A successful grasp requires careful balancing of the contact forces. Deducing whether a particular grasp will be successful from indirect measurements, such as vision, is therefore quite challenging, and direct sensing of contacts through touch sensing provides an appealing avenue toward more successful and consistent robotic grasping. However, in order to fully evaluate the value of touch sensing for grasp outcome prediction, we must understand how touch sensing can influence outcome prediction accuracy when combined with other modalities. Doing so using conventional model-based techniques is exceptionally difficult. In this work, we investigate the question of whether touch sensing aids in predicting grasp outcomes within a multimodal sensing framework that combines vision and touch. To that end, we collected more than 9,000 grasping trials using a two-finger gripper equipped with GelSight high-resolution tactile sensors on each finger, and evaluated visuo-tactile deep neural network models to directly predict grasp outcomes from either modality individually, and from both modalities together. Our experimental results indicate that incorporating tactile readings substantially improve grasping performance.

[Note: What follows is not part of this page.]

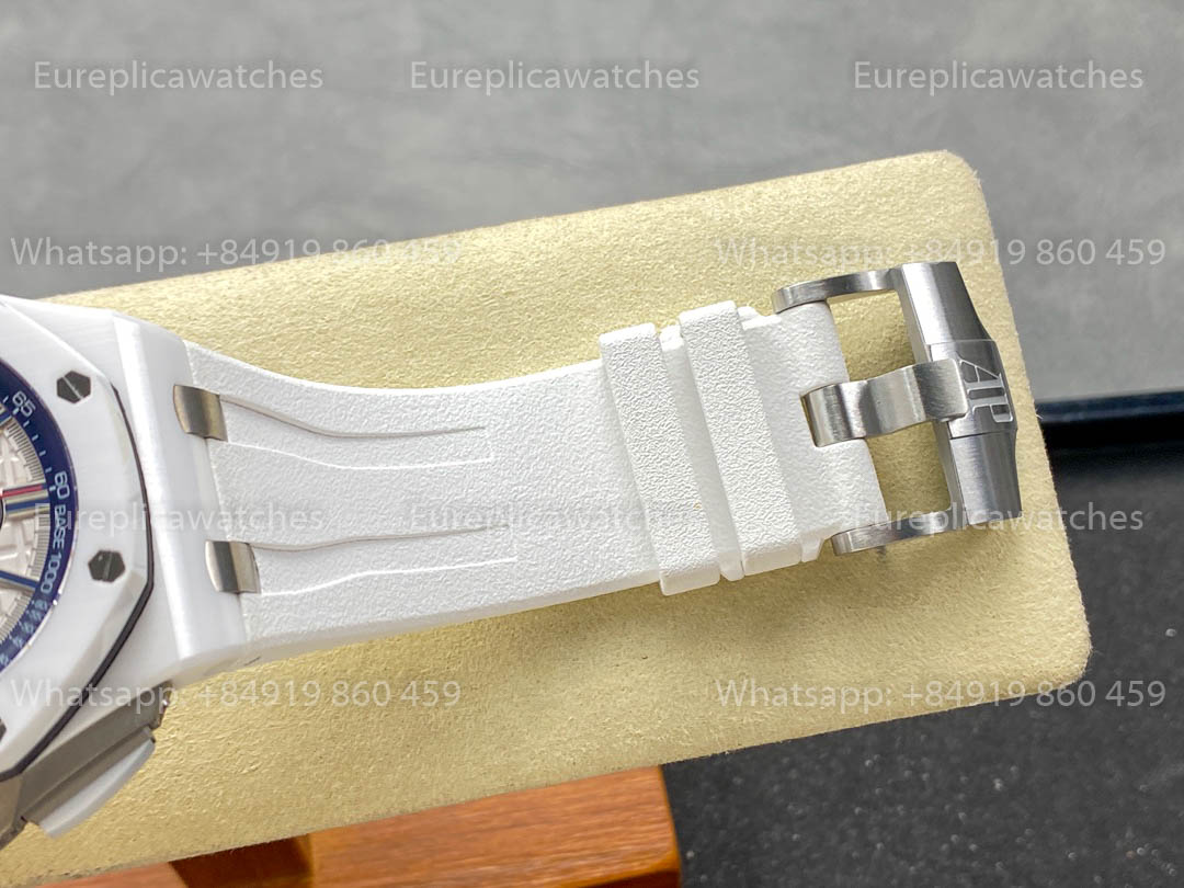 The Audemars Piguet Royal Oak Offshore 26402CB.OO.A010CA.01 from TK Fabbrica blends the Offshore’s bold chronograph DNA with a fresh white ceramic case and a clean, modern color palette. This 44 mm timepiece pairs luxury craftsmanship with a crisp, sporty style that stands out in any season.

The Feeling of Success: Does Touch Sensing Help Predict Grasp Outcomes?

TL;DR

The paper tackles predicting grasp outcomes for a two-finger robot gripper by fusing high-resolution GelSight tactile sensing with RGB vision in an end-to-end learning framework. It introduces a late-fusion CNN that computes the grasp-success probability from inputs , incorporating temporal cues such as , , and the GelSight difference to produce . On a dataset of 9,269 grasps across 106 objects, tactile and visuo-tactile models outperform vision-only baselines, with the full visuo-tactile model achieving the best predictive accuracy. In real-world grasping on 12 unseen objects, the visuo-tactile model achieved 94% success compared to 80% for vision-only, demonstrating practical benefits for grasp planning; the study also discusses limitations and future directions for more efficient tactile integration.

Abstract

A successful grasp requires careful balancing of the contact forces. Deducing whether a particular grasp will be successful from indirect measurements, such as vision, is therefore quite challenging, and direct sensing of contacts through touch sensing provides an appealing avenue toward more successful and consistent robotic grasping. However, in order to fully evaluate the value of touch sensing for grasp outcome prediction, we must understand how touch sensing can influence outcome prediction accuracy when combined with other modalities. Doing so using conventional model-based techniques is exceptionally difficult. In this work, we investigate the question of whether touch sensing aids in predicting grasp outcomes within a multimodal sensing framework that combines vision and touch. To that end, we collected more than 9,000 grasping trials using a two-finger gripper equipped with GelSight high-resolution tactile sensors on each finger, and evaluated visuo-tactile deep neural network models to directly predict grasp outcomes from either modality individually, and from both modalities together. Our experimental results indicate that incorporating tactile readings substantially improve grasping performance.

Paper Structure

This paper contains 16 sections, 5 figures, 2 tables.

Figures (5)

  • Figure 1: The use of tactile sensors can greatly improve robot grasping capabilities. In our experiments, we used two GelSight sensors mounted on a parallel jaw gripper.
  • Figure 2: Examples of raw tactile data collected by the GelSight for different training objects.
  • Figure 3: Diagram of our visual-tactile multi-modal model. At grasping time (before attempting to lift the object), the RGB images from the front camera and the GelSight sensors images are fed to a deep neural network which predict whether the grasping will be successful or not. In the network, the data from each of the sensors is first passed into a convolutional neural network, and the resulting features are concatenated as the input into a fully-connected network.
  • Figure 4: Chronology of a data collection trial, with the various grasping phases, and the three snapshot points $T_a, T_b, T_c$.
  • Figure 5: Examples of training objects. Overall, 106 objects were used to collect 9269 grasps.